Tacit knowledge looks to be another instance of the opposition to determinate judgement. Whilst tacit knowledge need not be one-off (riding a bike or determining the gender of a chicken are general abilities: they apply to lots of bikes and chickens) it is not codified in principles and thus its application is not a matter of derivation. I have a summary paper here.

In moral philosophy, there’s an influential tradition that holds that moral obligations are governed by general principles. The approach is called deontology and the basic idea is that an act of theft is wrong, eg., because all acts of theft are wrong. If there’s a further explanation of why that is so it is also a matter of further generality

The most famous form of deontological theory is Kantian ethics which centres on a single high level ‘categorical imperative’ or principle:
· Act only according to that maxim by which you can at the same time will that it should become a universal law.

This flows from Kant’s argument that the key feature of morality is that moral guidance must be capable of application in any possible set of circumstances. Generality is of the essence of morality, on this view. But even this formal constraint has content because some maxims would be self-stultifying if generalised. Consider the putative maxim that it is permissible to steal. If this were generalised it would undermine the possibility of owning property in general. But if so, stealing would not, after all, be possible.
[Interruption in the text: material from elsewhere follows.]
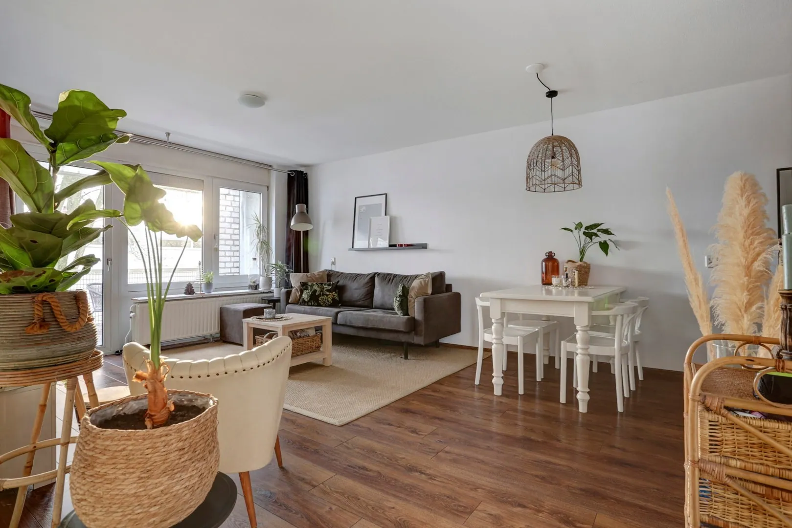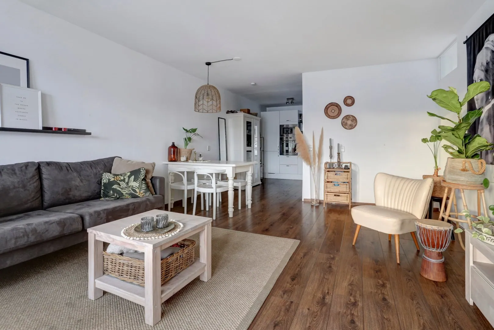Ruime lichte woonkamer (ca 32m² ) voorzien van laminaatvloer en een balkon.

But the problem with a Kantian version of deontology is to show how all the intuitively morally compelling principles can be derived from the formal requirement for universality. In any case, this seems just the wrong basic approach because particular cases seem to be the go-carts of moral judgements. Hence I’ve argued in a paper in the Journal of Medical Ethics against such principlism in ethics.

Having set up the contrast between particular and general judgements, however, there are two reasons to think that things are more complicated than they at first seem: a Kantian and a Wittgensteinian problem.
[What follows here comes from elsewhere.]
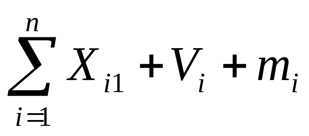 Х1=х11+х21+х31+…+хn1+v1+m1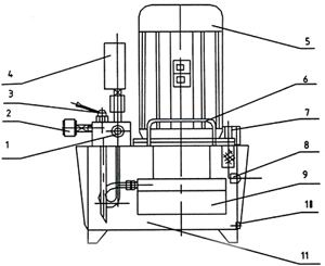 1、安全閥2、出油口(M14X1.5或JZT-Φ6膠管插座)3、卸荷閥4、壓力表 5、電機6、手把7、空氣濾清器8、油窗9、高壓泵10、放油螺11、油 箱

The Kantian problem: runs thus. If there is a cow in front of me, various things will follow from that. Cows are relatively slow moving, poor climbers, do not respond to verbal commands etc. But whilst deriving these judgements from the judgement that it is a cow in front of me (given also a book on cows) is unproblematic, there is a preliminary issue. How, in the face of visual appearances, do I recognise that the blobby individual in front of me belongs to the general kind cow. That move is not deductive / determinate. Hence Kant deploys reflective judgements as a forlorn attempt to solve this problem. This is what the paper you have in front of you concerns.
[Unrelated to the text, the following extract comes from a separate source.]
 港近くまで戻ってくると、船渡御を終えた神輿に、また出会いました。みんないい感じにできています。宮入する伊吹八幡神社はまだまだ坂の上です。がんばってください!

The Wittgensteinian problem: Actually I have over simplified up until now. All the cases I’ve been interested in so far stand in contrast to determinate judgement. But determinate judgement is not so straight forward as it might at first seem. Wittgenstein’s key point about rules is that they do not take anyone by the throat. Even to follow a simple deductive rule requires the person following it makes a contribution, sees what a relevant similar way of going on would be. Even an explication of the rule governing adding 2 which says: the units always go ‘0, 2, 4, 6, 8, 0 and so on’ requires that one can connect that very short symbol to an infinite number of cases written in all sorts of hand writing.

So my general interest concerns what sort of skill judgement is, what guides it and what normatively disciplines it. Hope that helps.